#### [WHAT TO WORK ON]
Quote the lines of the data below verbatim, beginning at the line that contains "Get a FREE Salonpas" and ending at the last line, both included, and excluding pictures.

(SUPPLIED RECORDS)

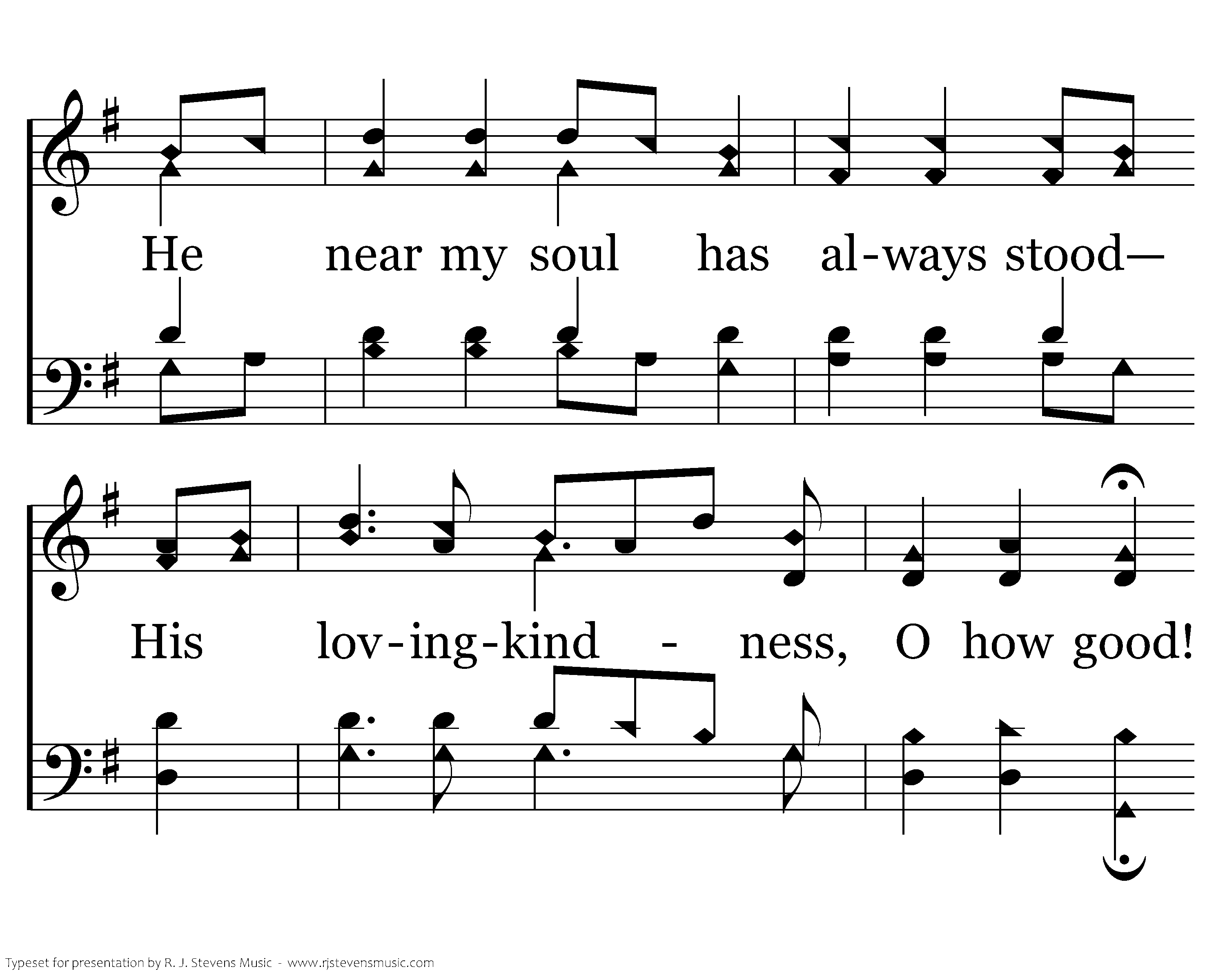 When trouble, like a gloomy cloud, Has gathered thick and thundered loud, He near my soul has always stood His lovingkindness, O how good! Lovingkindness, lovingkindness, His lovingkindness, O how good!
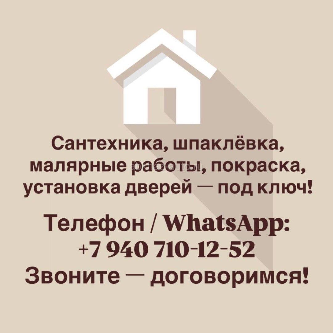 Дополнительная информация: 🏗 Сантехника, шпаклёвка, малярные работы, покраска, установка дверей — под ключ! Опытный мастер выполнит указанные виды ремонтных работ качественно, в срок и по договорённости. Виды работ: 🔹 Отделочные и малярные: — Штукатурка, шпаклёвка, покраска стен и потолков — Малярные работы (подготовка поверхностей, грунтовка, финишная отделка) 🔹 Сантехнические: — Установка и замена кранов, раковин, унитазов, ванн, душевых кабин — Монтаж труб, устранение протечек и засоров — Другие сантехнические услуги по договорённости 🔹 Установка дверей: — Монтаж межкомнатных и входных дверей — Регулировка, подгонка, установка фурнитуры Почему выбирают меня: ✅ Большой опыт и аккуратность в работе ✅ Работаю по договорённости и без посредников ✅ Помощь в закупке и доставке материалов ✅ Гарантия на выполненные работы 📞 Телефон / WhatsApp: +7 940 710-12-52 💬 Звоните — договоримся!
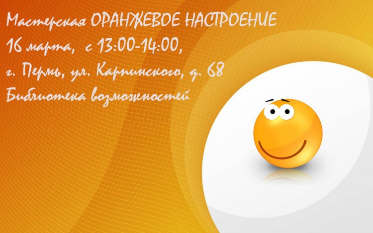 16 марта - с 13:00-14:00, Мастерская "Оранжевое настроение" (с участием детей). Учим ребёнка распознавать цвета, как во время приготовления пищи развить координацию движений, память, внимание, сформировать навыки аккуратности. На мастерскую приглашаются дети и родители желательно в одежде оранжевого цвета, ведущая Моисеева Е.В, логопед, Монтессори-педагог, г. Пермь, ул. Карпинского, д. 68, Библиотека возможностей;
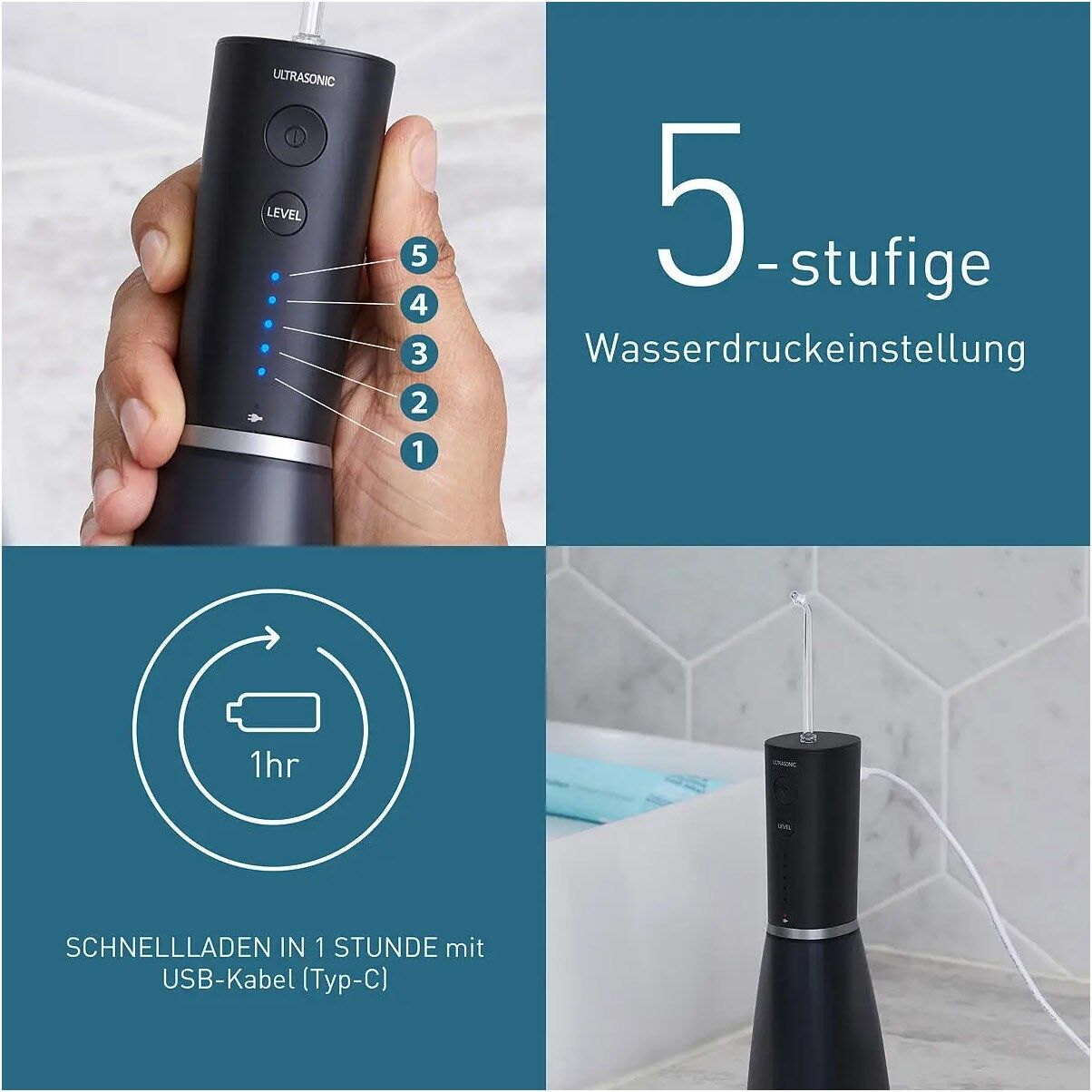 - 5 einstellbare Wasserdruckstufen
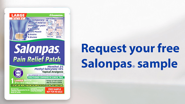 Get a FREE Salonpas Pain Relief Patch Sample! Complete the online form to receive one free sample of Salonpas® Pain Relief Patch Large 1ct.
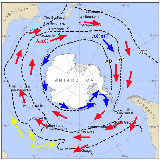 Figure 7. Major currents and fronts in the Southern Ocean and Subantarctic region: Antarctic Circumpolar Current (AAC), Antarctic Coastal Current (ACoC), Antarctic Divergence (AD), Antarctic Convergence (AC), Subtropical Convergence (STC) (4) (PDF) (Reproduced from Leach et al. (2016), with permission) [32].

(End SUPPLIED RECORDS)

#### [SOLVED EXERCISE]
 Get a FREE Salonpas Pain Relief Patch Sample! Complete the online form to receive one free sample of Salonpas® Pain Relief Patch Large 1ct.
 Figure 7. Major currents and fronts in the Southern Ocean and Subantarctic region: Antarctic Circumpolar Current (AAC), Antarctic Coastal Current (ACoC), Antarctic Divergence (AD), Antarctic Convergence (AC), Subtropical Convergence (STC) (4) (PDF) (Reproduced from Leach et al. (2016), with permission) [32].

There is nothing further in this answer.